Também queria, com muito carinho deixar um grande abraço a três Amigos que estando aqui tão perto, na Terrugem, não vejo há tanto tempo como se estivessemos em hemisférios diferentes...falo do Quim e de seus pais.
Ai, mas isto muda! Deixem vir o dias maiores...
Um beijo - Maria José

De Maria José a 01.02.2008 às 22:05

Adalgisa Alexandra ou Gisa - curioso para mim é que alguns nomes já me começam a ser familiares e, como tal tão importantes como se correspondessem a rostos de amigos que se adivinham sem se conhecer.obrigada pelas suas visitas e também pelas presenças sempre atentas de Lucas Marquês,outro amigo, e de Luciano Lopes que sendo docente aqui arranjou mais uma aluna que lhe fica grata.
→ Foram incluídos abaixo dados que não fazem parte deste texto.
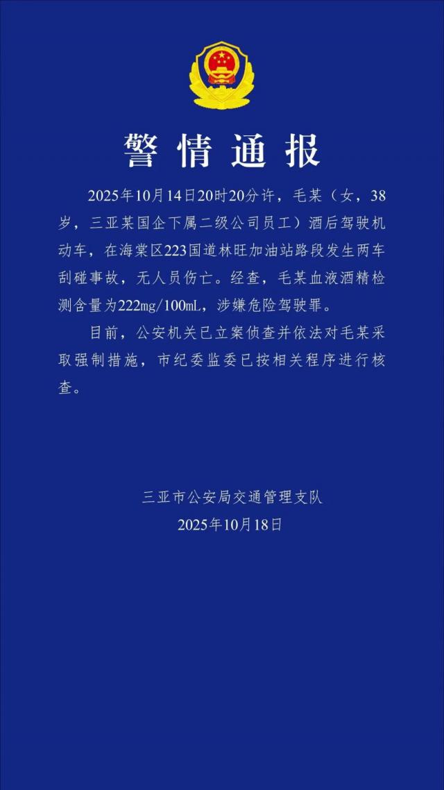 2025年10月14日20時20分左右,毛某(女,38歲,三亞某國企下屬二級公司員工)酒后駕駛機動車,在海棠區(qū)223國道林旺加油站路段發(fā)生兩車刮碰事故,沒有人員傷亡。經過檢查,毛某血液酒精檢測含量為222mg/100mL,涉嫌危險駕駛罪。
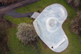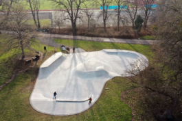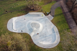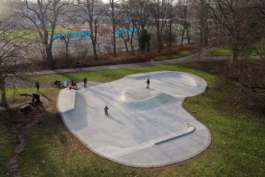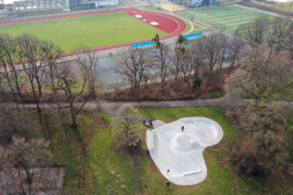 Skatepark mit einer Prise Pumptrack. Besonders geeignet für Neulinge auf dem Brett oder Rollgerät der Wahl. Teil der Parkanlage am Georgengarten. Parklife. Fun for all.

Para
Alberto Mateus, que elogia as colecções de postais, um exclarecimento:- só os textos são meus.As fotos são de João Carpinteiro e a sugestão para que se fizessem foi de Leonel Brito.É justo usar de rigor e
dar o seu a seu dono.Para todos vós, para a Cinda Moledo,Alvaro Ranita e Lopes Coronado e, ainda e sempre para a Dina, amiga de outros tempos, que sempre empunha a bandeira da coragem da sua consciência um abraço pela companhia que me dão neste trecho do caminho e um beijo também
Maria josé

De jts a 03.03.2008 às 11:50

D. MARIA JOSÉ, foi por mero acaso que fui parar ao seu "Blog", que encontrei quando procurava saber novidades do meu conterrâneo "COSTA PEREIRA", no seu "blog" - AQUIMETEM .
Fiquei estupefacto com a grande qualidade dos seus textos e a maravilha dos seus poemas. Nas minhas horas vagas - e isto porque aos 70 anos ainda trabalho muito - também escrevo, alguma prosa e poemas, mas longe de mim, considerar-me poeta ou escritor...
Publiquei dois livros, um de poemas e outro com a "História dos Bombeiros Voluntários de Mondim de Basto", que já contam 83 anos.
O Alentejo, sofreu muito nos últimos 60 anos, mas Trás-os-Montes, também. Por aqui a miséria existiu sempre paredes-meias com os grandes solares dos grandes senhores...
Hoje, tudo é diferente, embora as dificuldades subsistam.
D. Maria José, foi um grande prazer, conhecê-la e principalmente a sua juventude actual, pois os anos só contam no bilhete de identidade.
Os melhores cumprimentos, JTS ( Teixeira da Silva ).